John* is a kind and humble middle-aged man who I met as a patient a couple years ago. He worked part time for minimum wage and spent the rest of his time in the library, trying to improve his reading and computer skills. He had several health conditions that required specialist appointments, which most likely stemmed from the daily challenge of living in poverty.
He was often forced to make decisions on whether to spend his limited income on transit fares or food, since rent consumed most of his monthly earnings. On numerous occasions, he told me he would have to miss medical appointments because he could not afford to pay for transit. The cost to get to work and back was already too high.
Many of us thought of our patients like John a couple weeks ago when we heard that the Toronto Transit Commission (TTC) had approved another fare hike in 2017. The price of a token will jump from $2.90 to $3, representing the sixth year of rising costs.
While Toronto Mayor John Tory recently approved a 33 percent discount on TTC adult fares for low-income riders in the city, the first phase will not roll out until 2018, leaving many in the lurch for all of next year.
In addition, while this change is welcome, transit costs will remain out of reach to those with the lowest incomes. If we are going to make any real progress on improving health and social inclusion for this group, we need to listen to organizations across the city, which have called for a free Metropass program for those on social assistance.
Public transit that is affordable and accessible is an important element of a healthy, inclusive, and equitable city. This was highlighted in a 2013 Toronto Public Health report that flagged cost as a barrier to transportation use that impacts people’s ability to access food, employment, education and health services. Since people with low incomes are less likely to own a car and more likely to rely on public transit, fare increases deepen health and social inequities for this group.
Rising transit costs also affect children’s health. Twenty-seven percent of children live in low-income families, the highest percentage of any large urban area in Canada. While children age 12 and under ride for free on the TTC, their parents must pay. Research by Toronto Public Health shows that the cost of public transportation affects low-income parents’ ability to take their child to the doctor, access community based-programs, and visit food banks.
It is clear that the TTC faces a funding shortfall, but it is unfair and shortsighted for the City to continuously raise revenues in ways that disproportionately impact the lowest income Torontonians. This regressive tactic leaves those with lower income spending a higher proportion of their income on public services.
There are alternatives to raising transit fares, which were explored in a Wellesley Institute report earlier this year. It proposed that a non-residential parking tax or vehicle registration tax could generate revenue to improve public transit affordability. There are also important health and environmental arguments for this type of endeavour. Toronto Public Health estimates that air pollution due to vehicle emissions causes 280 premature deaths and 1,090 extra hospitalizations in Toronto each year.

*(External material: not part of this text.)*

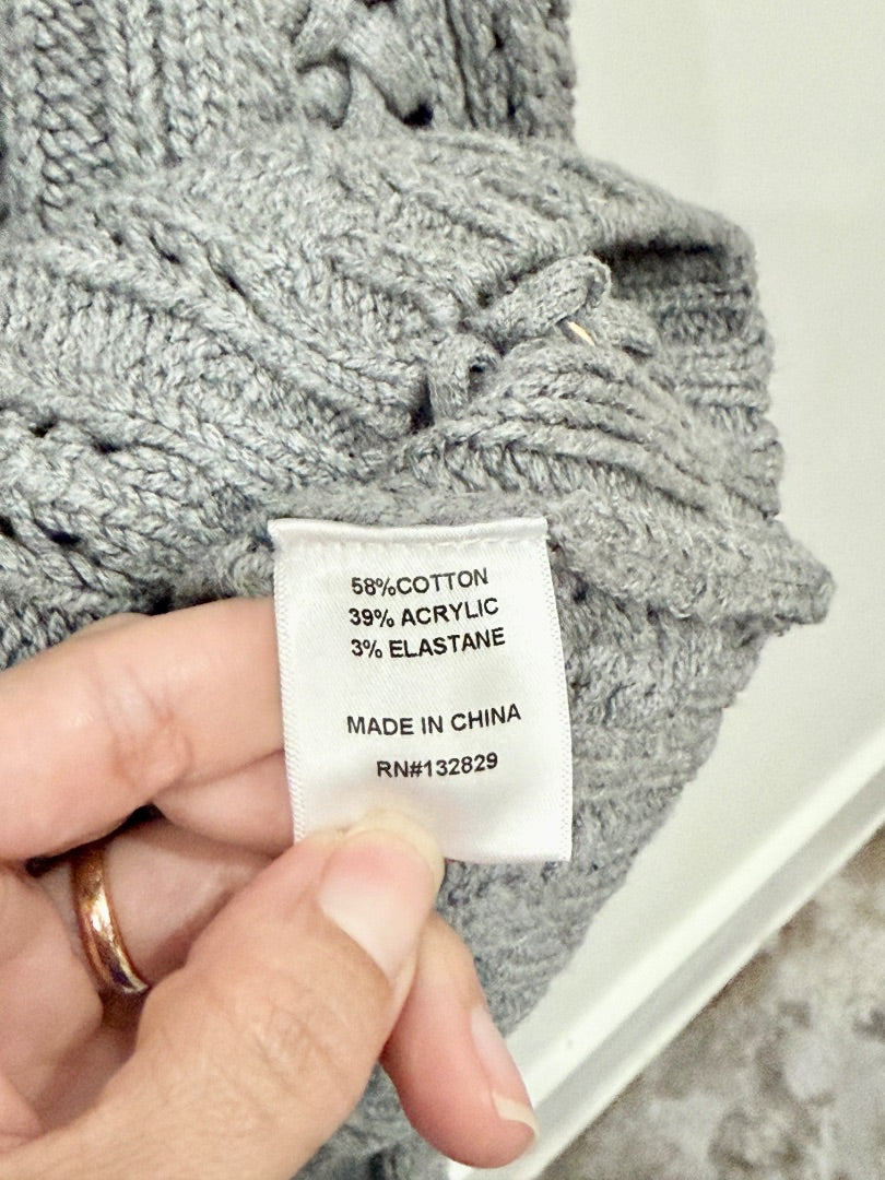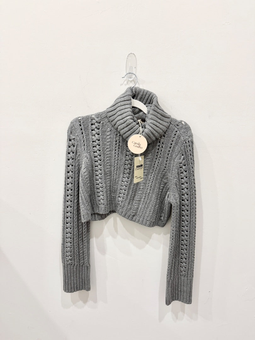 NWT Camila Coelho Daria Cable Knit Turtleneck Cropped Sweater Gray Women's XS

It is my hope as a healthcare provider that Tory and Toronto city councillors will stand for a more fair, inclusive and equitable city by stopping funding cuts to social services, rejecting fare hikes to public transit and working towards immediate solutions such as a free Metropass for those on social assistance. The municipal, provincial and federal governments must work together to find a solution to ensure that public transportation is affordable.
*This name and some identifying factors have been changed for confidentiality.